=== Source data ===

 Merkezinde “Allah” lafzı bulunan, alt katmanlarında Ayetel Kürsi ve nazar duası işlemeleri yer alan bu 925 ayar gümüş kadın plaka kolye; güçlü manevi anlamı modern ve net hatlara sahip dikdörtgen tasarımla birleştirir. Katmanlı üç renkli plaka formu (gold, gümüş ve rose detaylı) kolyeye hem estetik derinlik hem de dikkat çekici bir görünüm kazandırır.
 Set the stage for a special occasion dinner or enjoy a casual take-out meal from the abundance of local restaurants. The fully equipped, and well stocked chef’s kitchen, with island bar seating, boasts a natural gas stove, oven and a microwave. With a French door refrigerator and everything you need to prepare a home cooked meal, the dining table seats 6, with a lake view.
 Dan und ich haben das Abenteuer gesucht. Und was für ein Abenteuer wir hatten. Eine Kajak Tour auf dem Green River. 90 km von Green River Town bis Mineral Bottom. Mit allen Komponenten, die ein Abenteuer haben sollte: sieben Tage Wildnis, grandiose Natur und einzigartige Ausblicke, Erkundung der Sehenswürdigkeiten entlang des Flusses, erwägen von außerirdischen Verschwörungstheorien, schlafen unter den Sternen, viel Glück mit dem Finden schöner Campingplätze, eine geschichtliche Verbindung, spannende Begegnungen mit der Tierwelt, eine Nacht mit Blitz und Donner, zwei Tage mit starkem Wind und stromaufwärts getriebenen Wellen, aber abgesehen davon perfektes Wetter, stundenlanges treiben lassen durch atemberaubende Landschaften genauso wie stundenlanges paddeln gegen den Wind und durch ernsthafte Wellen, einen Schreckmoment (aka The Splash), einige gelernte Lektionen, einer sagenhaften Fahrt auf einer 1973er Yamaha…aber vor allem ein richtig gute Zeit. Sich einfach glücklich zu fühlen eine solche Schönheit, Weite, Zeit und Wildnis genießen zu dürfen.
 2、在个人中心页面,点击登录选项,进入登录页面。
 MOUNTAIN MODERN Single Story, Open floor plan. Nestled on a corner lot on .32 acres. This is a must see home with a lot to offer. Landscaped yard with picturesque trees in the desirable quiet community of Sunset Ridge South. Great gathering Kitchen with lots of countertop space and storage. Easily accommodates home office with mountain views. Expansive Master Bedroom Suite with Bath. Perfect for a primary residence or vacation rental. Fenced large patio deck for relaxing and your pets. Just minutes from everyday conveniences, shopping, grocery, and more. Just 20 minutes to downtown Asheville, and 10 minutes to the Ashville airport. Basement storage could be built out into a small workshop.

=== Work request ===
Your answer should be the full set of records above, restated exactly.

=== Response ===
 Merkezinde “Allah” lafzı bulunan, alt katmanlarında Ayetel Kürsi ve nazar duası işlemeleri yer alan bu 925 ayar gümüş kadın plaka kolye; güçlü manevi anlamı modern ve net hatlara sahip dikdörtgen tasarımla birleştirir. Katmanlı üç renkli plaka formu (gold, gümüş ve rose detaylı) kolyeye hem estetik derinlik hem de dikkat çekici bir görünüm kazandırır.
 Set the stage for a special occasion dinner or enjoy a casual take-out meal from the abundance of local restaurants. The fully equipped, and well stocked chef’s kitchen, with island bar seating, boasts a natural gas stove, oven and a microwave. With a French door refrigerator and everything you need to prepare a home cooked meal, the dining table seats 6, with a lake view.
 Dan und ich haben das Abenteuer gesucht. Und was für ein Abenteuer wir hatten. Eine Kajak Tour auf dem Green River. 90 km von Green River Town bis Mineral Bottom. Mit allen Komponenten, die ein Abenteuer haben sollte: sieben Tage Wildnis, grandiose Natur und einzigartige Ausblicke, Erkundung der Sehenswürdigkeiten entlang des Flusses, erwägen von außerirdischen Verschwörungstheorien, schlafen unter den Sternen, viel Glück mit dem Finden schöner Campingplätze, eine geschichtliche Verbindung, spannende Begegnungen mit der Tierwelt, eine Nacht mit Blitz und Donner, zwei Tage mit starkem Wind und stromaufwärts getriebenen Wellen, aber abgesehen davon perfektes Wetter, stundenlanges treiben lassen durch atemberaubende Landschaften genauso wie stundenlanges paddeln gegen den Wind und durch ernsthafte Wellen, einen Schreckmoment (aka The Splash), einige gelernte Lektionen, einer sagenhaften Fahrt auf einer 1973er Yamaha…aber vor allem ein richtig gute Zeit. Sich einfach glücklich zu fühlen eine solche Schönheit, Weite, Zeit und Wildnis genießen zu dürfen.
 2、在个人中心页面,点击登录选项,进入登录页面。
 MOUNTAIN MODERN Single Story, Open floor plan. Nestled on a corner lot on .32 acres. This is a must see home with a lot to offer. Landscaped yard with picturesque trees in the desirable quiet community of Sunset Ridge South. Great gathering Kitchen with lots of countertop space and storage. Easily accommodates home office with mountain views. Expansive Master Bedroom Suite with Bath. Perfect for a primary residence or vacation rental. Fenced large patio deck for relaxing and your pets. Just minutes from everyday conveniences, shopping, grocery, and more. Just 20 minutes to downtown Asheville, and 10 minutes to the Ashville airport. Basement storage could be built out into a small workshop.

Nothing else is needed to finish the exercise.